RanBP10 and RanBP9 increase basal D₁ receptor phosphorylation. In situ phosphorylation experiments were performed on HEK293T cells expressing the D₁ receptor, D₁ receptor + RanBP10, and D₁ receptor + RanBP9 as described under Materials and Methods. Cells were incubated with media (control) or DA (10 μM) for 10 min. Top, autoradiogram of D₁ receptor immunoprecipitates from a representative in situ phosphorylation assay. The lanes in the gel correspond to the bars at the bottom. Bottom, average values of band densities for each condition.
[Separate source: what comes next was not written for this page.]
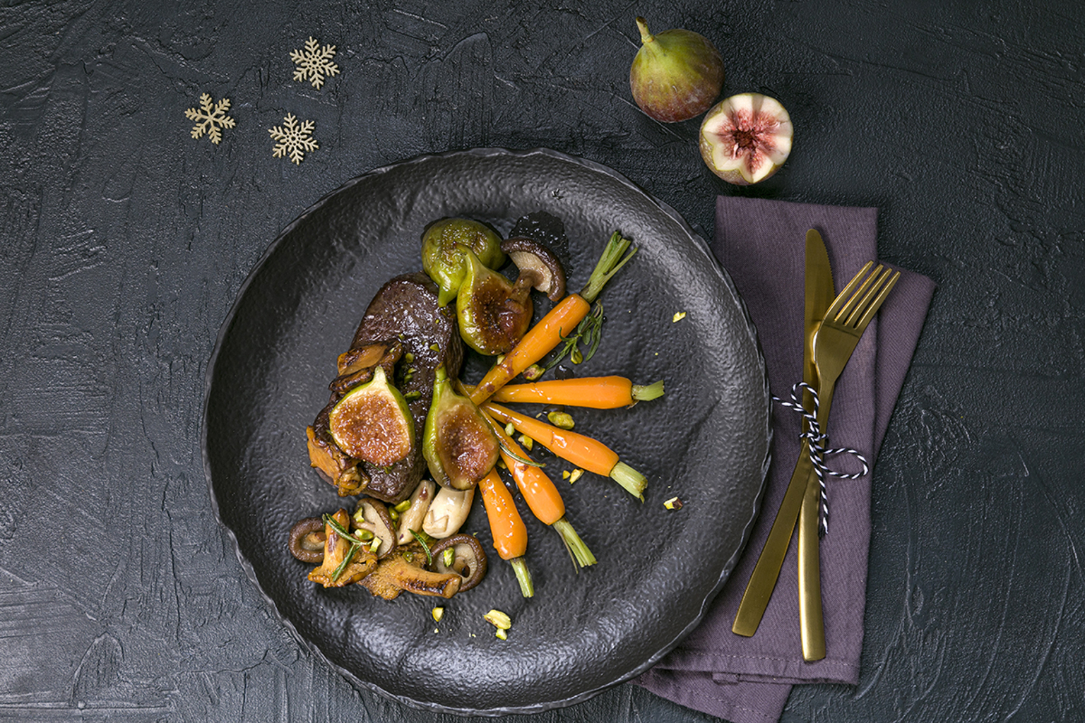 Die Pistazien grob hacken. Die Mini-Karotten, die Steaks, die Feigen und die Pilze auf vier (warme) Teller verteilen. Die Sauce darüber verteilen und mit Pistazien abrunden.

The data are normalized as the percentage of control for each individual experiment. The histograms represent the mean ± S.E.M. from four independent experiments (∗, p < 0.05, ∗∗, p < 0.01, ∗∗∗, p < 0.001, analysis of variance followed by Bonferroni pair-wise comparisons).

Fig. 12.

The RanBP9 and RanBP10-induced increase of D₁ receptor phosphorylation is blocked by PKC inhibitors. HEK293T cells expressing the D₁ receptor, D₁ receptor + RanBP10, and D₁ receptor + RanBP9 were treated with the PKC inhibitors Gö6983 (10 μM) or Gö6976 (10 μM) for 60 min followed by the assessment of basal phosphorylation using an in situ phosphorylation assay as described in Fig. 11. Top, autoradiogram of D₁ receptor immunoprecipitates from a representative in situ phosphorylation assay. The lanes in the gel correspond to the bars at the bottom. Bottom, average values of band densities for each condition. The data are normalized as the percentage of control for each individual experiment. The histograms represent the mean ± S.E.M. from three independent experiments (analysis of variance followed by Bonferroni pair-wise comparisons; ∗, p < 0.05, ∗∗, p = 0.056).